Analyzing existing datasets is very useful for predicting the survival and prognosis of cancer patients in order to compare potentially effective markers and guide treatment decisions. We discovered that the expression of HCG18 was positively correlated with the OS and PFS of LUAD patients, while LINC00847 was inversely associated with OS and PFS by Kaplan–Meier Plotter dataset analysis. In addition, in a cohort of LUAD patients from the TCGA, upregulation of HCG18, NNT-AS1 and LINC00847 was positively correlated with OS, while upregulation of CYTOR (LINC00152) was negatively associated with OS. Controversially, the direction of association between LINC00847 and OS in different datasets was the opposite. The possible reasons might be the source of population and the size of sample are different (TCGA:n = 492; Kaplan–Meier Plotter: n = 672). However, based on research of LINC00847 in cancer, it might be an oncogene related to cancer progression. Combining survival and prognosis studies with existing studies could better validate the roles of lncRNAs in cancer and provide new insight for the diagnosis and treatment of cancer.

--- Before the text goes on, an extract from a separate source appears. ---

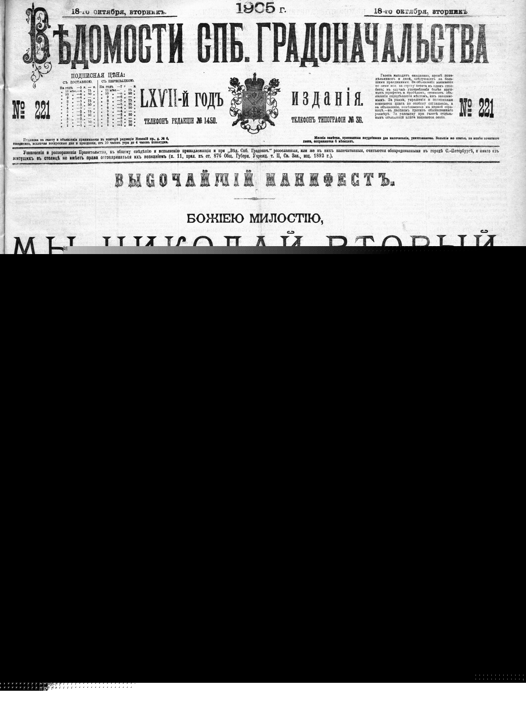 1905 год. 30 октября (17 октября ст.ст.) был опубликован манифест Николая II «Об усовершенствовании государственного порядка», который декларировал дарование гражданам России политических свобод, неприкосновенность личности, расширение избирательного ценза при выборах в Государственную Думу. Манифест 17 октября 1905 года был подготовлен председателем Совета министров Российской империи С. Ю. Витте, считавшим конституционные уступки единственным средством разрядить революционную атмосферу в России. «Первая русская революция (1905–1907) началась 9 января 1905 года. Этот день вошёл в историю России как «Кровавое воскресенье». В этот день в Петербурге царские войска расстреляли мирное шествие рабочих к Зимнему дворцу для подачи петиции царю о нуждах рабочих. Расстрел мирной демонстрации в Петербурге вызвал взрыв возмущения по всей стране. В городах проходят массовые забастовки, демонстрации и митинги протеста. Революционное движение нарастало. Оно охватывает новые районы и новые слои населения. Заколебались и вооружённые силы царизма. Об этом свидетельствовало восстание на броненосце «Потёмкин» (14 июня 1905 года). Повсеместно начинают создаваться Советы рабочих депутатов. Первый Совет рабочих депутатов был создан в мае 1905 года в Иванове-Вознесенске. Высший подъём революции приходится на октябрь и декабрь 1905 года. В октябре состоялась Всероссийская политическая стачка, которая охватила 120 городов. В ней приняло участие свыше 2 млн. человек. В этих условиях последний российский император Николай II вынужден был пойти на уступки. 17 октября 1905 года он подписал Манифест, который провозгласил в стране политические свободы и созыв законодательного органа в лице Государственной думы. Формально такой шаг означал превращение самодержавия в конституционную монархию. Манифест создавал легальные условия для образования политических партий. В 1906 году в стране насчитывалось уже более 50 партий».

Next, we focused on the four screened lncRNAs (HCG18, NNT-AS1, LINC00847 and CYTOR) that were closely related to the prognosis of LUAD patients. It was reported that HCG18 accelerates the progression of LUAD by acting as a sponge of miR-34a-5p to upregulate the expression of HMMR [23]. LINC00847 induces by E2F1 facilitates non-small cell lung cancer progression by targeting the miR-147a/IFITM1 axis [18]. NNT-AS1 has been reported to function as a sponge of miRNA (miR-22 and miR-3666) that regulates the progression of lung cancer [21, 22, 24]. CYTOR promotes LUAD proliferation by interacting with EZH2 and repressing IL24 expression [20]. However, the relationship between these lncRNAs and the immune response is unclear. We explored the correlation between these four lncRNAs and immune cell infiltration in cancer by evaluating data from ImmLnc. Importantly, we found that LINC00847 was positively correlated with the immune infiltration of B cells, CD8 T cells, and dendritic cells in LUAD. Given that there is no sufficient experimental evidence to prove the association of these lncRNAs with the immune response, we performed western blotting to further verify the results. The results revealed that overexpression of LINC00847 led to significant downregulation of PD-L1 at the protein level. Our study indicated that LINC00847 might be a potential new target for tumor immunotherapy.

Conclusion

This study revealed that LINC00847 was associated with prognosis and immune infiltration and confirmed that LINC00847 decreased the expression of the immunotherapy-related gene PD-L1, which might prove that LINC00847 is a potential new target for tumor immunotherapy.